[Work request] Below are some entries. Repeat exactly the lines from the one with "Loadings分析的算法與" through the one with "Ladies Button Front", and only those.

[Provided data]
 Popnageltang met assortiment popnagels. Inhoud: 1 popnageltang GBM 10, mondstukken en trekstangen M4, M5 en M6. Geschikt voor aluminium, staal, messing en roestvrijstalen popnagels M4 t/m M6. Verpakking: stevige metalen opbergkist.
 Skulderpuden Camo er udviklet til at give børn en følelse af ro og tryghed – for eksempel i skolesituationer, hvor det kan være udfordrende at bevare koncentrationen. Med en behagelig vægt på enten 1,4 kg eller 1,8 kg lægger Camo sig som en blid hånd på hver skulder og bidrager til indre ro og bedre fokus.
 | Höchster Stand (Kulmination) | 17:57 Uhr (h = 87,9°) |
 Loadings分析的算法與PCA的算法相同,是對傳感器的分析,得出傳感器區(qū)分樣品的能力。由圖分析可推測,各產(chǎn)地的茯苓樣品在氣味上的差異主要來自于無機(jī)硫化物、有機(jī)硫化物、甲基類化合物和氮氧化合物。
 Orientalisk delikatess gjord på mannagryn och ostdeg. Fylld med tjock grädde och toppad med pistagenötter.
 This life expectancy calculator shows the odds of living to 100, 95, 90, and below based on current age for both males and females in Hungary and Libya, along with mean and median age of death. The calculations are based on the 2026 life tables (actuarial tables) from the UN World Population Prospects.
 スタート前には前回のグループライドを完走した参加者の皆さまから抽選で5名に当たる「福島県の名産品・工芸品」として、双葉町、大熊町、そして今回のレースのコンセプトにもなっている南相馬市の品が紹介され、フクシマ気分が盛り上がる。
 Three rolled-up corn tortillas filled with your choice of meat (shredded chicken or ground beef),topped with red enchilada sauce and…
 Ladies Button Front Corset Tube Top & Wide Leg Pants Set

...

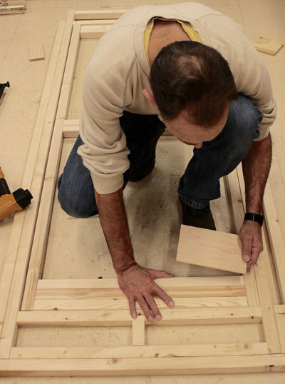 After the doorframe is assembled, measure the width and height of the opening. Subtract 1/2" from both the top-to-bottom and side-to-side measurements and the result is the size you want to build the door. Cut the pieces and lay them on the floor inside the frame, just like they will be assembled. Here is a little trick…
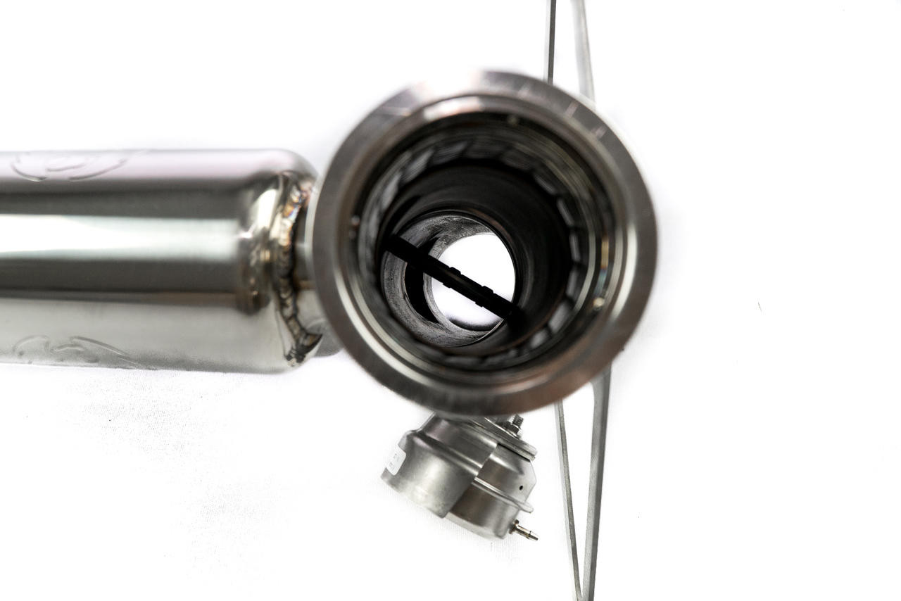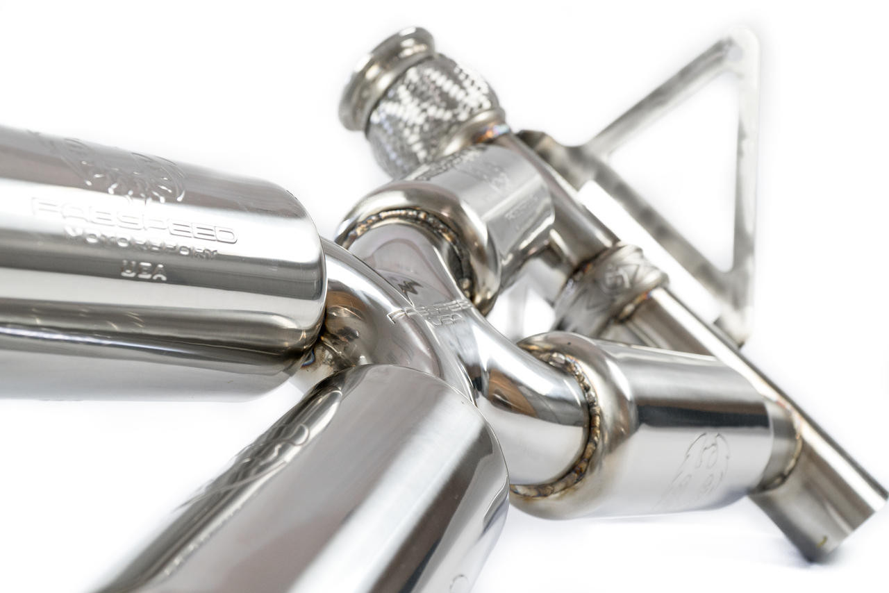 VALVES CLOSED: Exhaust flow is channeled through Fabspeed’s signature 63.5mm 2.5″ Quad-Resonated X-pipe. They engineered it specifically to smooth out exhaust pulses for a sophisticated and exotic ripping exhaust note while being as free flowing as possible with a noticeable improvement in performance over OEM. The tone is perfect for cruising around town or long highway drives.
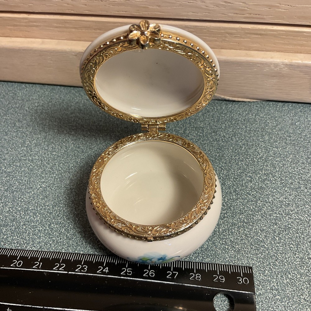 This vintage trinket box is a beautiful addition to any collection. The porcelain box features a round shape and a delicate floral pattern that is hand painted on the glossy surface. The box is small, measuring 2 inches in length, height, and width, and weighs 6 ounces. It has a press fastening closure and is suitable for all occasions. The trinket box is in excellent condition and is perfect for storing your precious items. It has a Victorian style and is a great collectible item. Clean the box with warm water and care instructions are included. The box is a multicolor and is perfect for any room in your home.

[Task output]
 Loadings分析的算法與PCA的算法相同,是對傳感器的分析,得出傳感器區(qū)分樣品的能力。由圖分析可推測,各產(chǎn)地的茯苓樣品在氣味上的差異主要來自于無機(jī)硫化物、有機(jī)硫化物、甲基類化合物和氮氧化合物。
 Orientalisk delikatess gjord på mannagryn och ostdeg. Fylld med tjock grädde och toppad med pistagenötter.
 This life expectancy calculator shows the odds of living to 100, 95, 90, and below based on current age for both males and females in Hungary and Libya, along with mean and median age of death. The calculations are based on the 2026 life tables (actuarial tables) from the UN World Population Prospects.
 スタート前には前回のグループライドを完走した参加者の皆さまから抽選で5名に当たる「福島県の名産品・工芸品」として、双葉町、大熊町、そして今回のレースのコンセプトにもなっている南相馬市の品が紹介され、フクシマ気分が盛り上がる。
 Three rolled-up corn tortillas filled with your choice of meat (shredded chicken or ground beef),topped with red enchilada sauce and…
 Ladies Button Front Corset Tube Top & Wide Leg Pants Set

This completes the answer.